Tuesday's events came one day after more than 100 Chinese citizens, led by some of the country’s prominent scholars and writers, issued an open letter calling on citizens to rally behind the 200,000-circulation magazine for reform-minded Chinese officials.

FILE - In this July 19, 2016, photo, Du Daozheng, 92, browses his Yanhuang Chunqiu magazine during an interview at his home in Beijing.
FILE - In this July 19, 2016, photo, Du Daozheng, 92, browses his Yanhuang Chunqiu magazine during an interview at his home in Beijing.

Intellectuals' 'pitiful fate'

The open letter, whose signatories have since expanded to nearly 500, says the state-led shake-up reflects the "sad and pitiful fate of Chinese intellectuals."

"It is the only magazine that speaks the truth," the magazine's lawyer, Mo Shaoping, told Reuters. "They don't want the magazine to exist anymore."

Wu Qing, a retired English professor at Beijing’s University of Foreign Studies, described the ouster of the magazine's editorial leadership as a threat to the prospect for political reform nationwide.

"It is very important that we read about the true history, not fabricated lies," she told VOA's Mandarin service. "The magazine tells the truth, writes about the true history, makes us see more clearly why we must carry out reform, why we need the rule of law, democracy, freedom and transparency.

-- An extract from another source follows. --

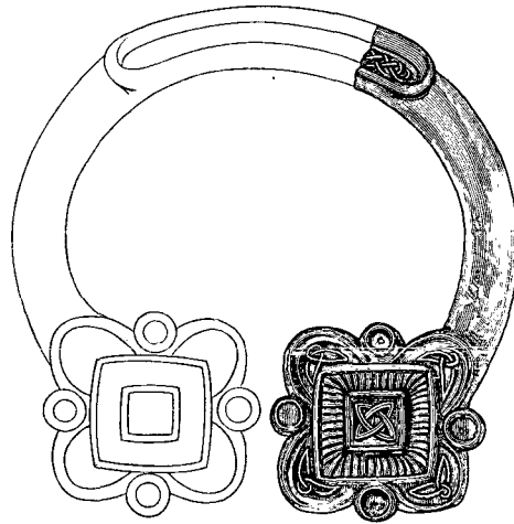
Fig. 2. Portion of a Penannular Brooch of Silver, found at Croy, Inverness-shire (two-thirds of actual size).

gold plate fitted into the panel in the ring has disappeared. The other compartment is of a crescent shape, the outer rim of the crescent being considerably elevated, in a hooded form above the rest, and on the gold plate is a triangular interlaced ornament of filigree work. The end of the brooch expands to a breadth of nearly 1 inch at the extremity, and forms a triangular panel into which is fitted a gold plate secured by two pins at each angle. In the centre of the plate is a raised setting of a leaf-like form, divided into eleven small rectangular compartments by ridges of gold, each compartment being filled with a bright enamel. The space round this central ornament, between it and the outer rim, a breadth of \frac{3}{16} th of an inch, is overlaid with an exquisitely wrought ornament in filigree work very similar to that on the

“Among the people, many want to voice their support [for the publication]," added Wu, a well-known Chinese feminist activist and seven-term district-level congress member. "I think what is really scary is not bad guys’ arrogance, but the extreme silence of good people.”

'Old rival'

Wang Yanjun, the magazine's deputy editor in chief, told VOA on Monday that he believed orders to purge the editorial staff had not come from the Communist Party leadership, but from the “middle,” which he described as the party’s department of propaganda.

“The party’s propaganda department is an old rival," he said. "Back in 2005, they ordered us to halt the distribution of one already-printed issue, because they didn’t approve the contents. Now they have struck again, assuming this is what the top [Communist Party] leadership wanted.”

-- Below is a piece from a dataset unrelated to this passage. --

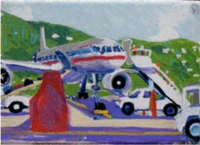
St. Thomas Boarding (paint markers)

“The markers are edgy and I like that they push the boundaries of what’s possible. ... They also make original art a little more affordable.”

Analysts, however, said recent events aligned closely with Xi's increasingly restrictive media policies and prior calls for local publications to serve the ruling Communist Party’s interests.

Representatives from Yanhuang Chunqiu's parent organization, the Arts Research Institute, did not answer repeated telephone calls seeking comments. China's publishing regulator, the State Administration of Press, Publication, Radio, Film and Television, also did not respond to requests for comment.

China's State Council Information Office, which oversees press communications for China's cabinet, did not immediately respond to emailed questions.

Communist Party leaders have tried to shutter the magazine 19 times in the past 25 years, one of its editors told Reuters, requesting anonymity because of the sensitive situation.

This report was produced in collaboration with VOA's Mandarin service. Hai Yan contributed reporting from Hong Kong.